[Start of section]

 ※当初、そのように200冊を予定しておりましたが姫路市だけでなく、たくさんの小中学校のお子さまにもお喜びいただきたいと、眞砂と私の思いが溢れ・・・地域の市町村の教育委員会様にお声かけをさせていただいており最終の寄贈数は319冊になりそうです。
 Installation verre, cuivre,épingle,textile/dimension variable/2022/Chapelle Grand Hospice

[End of section]
[Start of section]

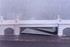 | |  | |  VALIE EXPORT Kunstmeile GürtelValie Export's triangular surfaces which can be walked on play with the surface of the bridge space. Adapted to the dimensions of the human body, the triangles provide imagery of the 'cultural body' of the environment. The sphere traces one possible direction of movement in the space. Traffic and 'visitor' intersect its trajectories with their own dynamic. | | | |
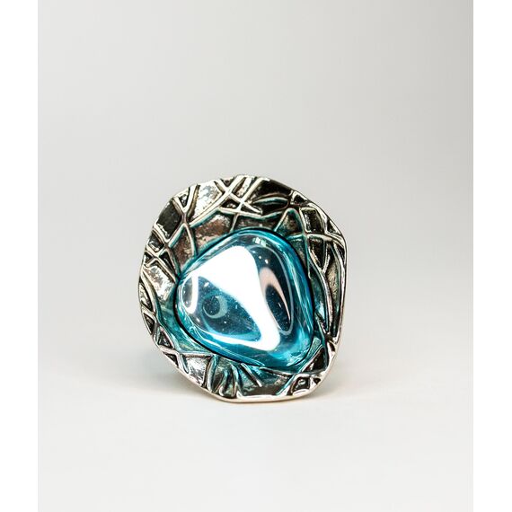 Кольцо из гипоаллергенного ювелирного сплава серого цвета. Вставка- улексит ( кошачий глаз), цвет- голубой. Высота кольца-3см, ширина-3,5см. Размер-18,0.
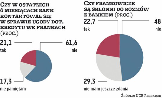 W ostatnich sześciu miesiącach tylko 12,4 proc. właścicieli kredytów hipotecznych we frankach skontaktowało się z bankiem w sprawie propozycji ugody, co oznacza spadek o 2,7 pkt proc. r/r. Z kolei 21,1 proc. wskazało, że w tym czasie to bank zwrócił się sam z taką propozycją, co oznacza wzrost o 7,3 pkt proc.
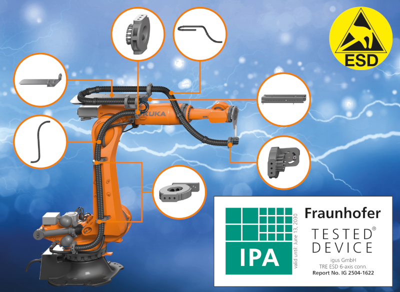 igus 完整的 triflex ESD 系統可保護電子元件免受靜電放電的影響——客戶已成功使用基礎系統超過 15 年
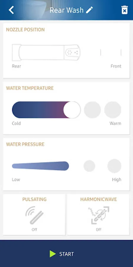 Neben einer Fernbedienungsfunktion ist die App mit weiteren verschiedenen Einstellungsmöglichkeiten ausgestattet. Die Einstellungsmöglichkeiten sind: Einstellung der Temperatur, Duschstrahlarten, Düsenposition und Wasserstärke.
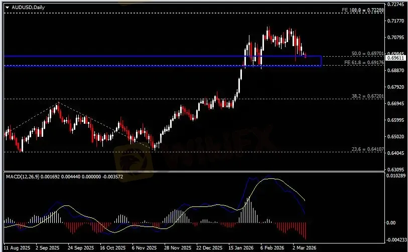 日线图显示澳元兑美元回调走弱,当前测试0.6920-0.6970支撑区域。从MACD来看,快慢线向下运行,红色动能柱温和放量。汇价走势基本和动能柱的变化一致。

[End of section]

▶ PROBLEM DETAILS
Range to copy from the records above: the line containing "Кольцо из гипоаллергенного" to the line containing "igus 完整的 triflex", both included. Output those lines exactly and only those, skipping pictures.

▶ RESPONSE AREA
 Кольцо из гипоаллергенного ювелирного сплава серого цвета. Вставка- улексит ( кошачий глаз), цвет- голубой. Высота кольца-3см, ширина-3,5см. Размер-18,0.
 W ostatnich sześciu miesiącach tylko 12,4 proc. właścicieli kredytów hipotecznych we frankach skontaktowało się z bankiem w sprawie propozycji ugody, co oznacza spadek o 2,7 pkt proc. r/r. Z kolei 21,1 proc. wskazało, że w tym czasie to bank zwrócił się sam z taką propozycją, co oznacza wzrost o 7,3 pkt proc.
 igus 完整的 triflex ESD 系統可保護電子元件免受靜電放電的影響——客戶已成功使用基礎系統超過 15 年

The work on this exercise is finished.